### EXERCISE DETAILS
Word for word, the data below must be repeated in full; no picture is to be included.

### DATA PROVIDED
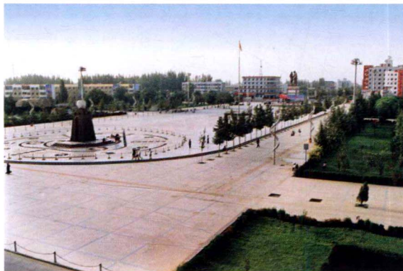
和田市民族团结广场

随着文物考古工作的蓬勃开展，和田地区的文博事业也取得了重大进展。和田地区博物馆新馆于2005年10月正式对外开放，拥有馆藏文物9000余件，其中定级文物500余件。为加强文物的管理和保护，具有代表性的重要文物点已由各级人民政府分批核准、陆续公布为相应级别的文
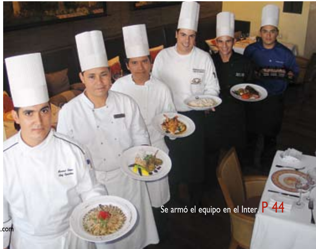
Se armó el equipo en el Inter. P 44

¿Qué medidas se toman para evitar la falta de agua en Papagayo?

### OUTPUT OF THE EXERCISE
和田市民族团结广场

随着文物考古工作的蓬勃开展，和田地区的文博事业也取得了重大进展。和田地区博物馆新馆于2005年10月正式对外开放，拥有馆藏文物9000余件，其中定级文物500余件。为加强文物的管理和保护，具有代表性的重要文物点已由各级人民政府分批核准、陆续公布为相应级别的文
Se armó el equipo en el Inter. P 44

¿Qué medidas se toman para evitar la falta de agua en Papagayo?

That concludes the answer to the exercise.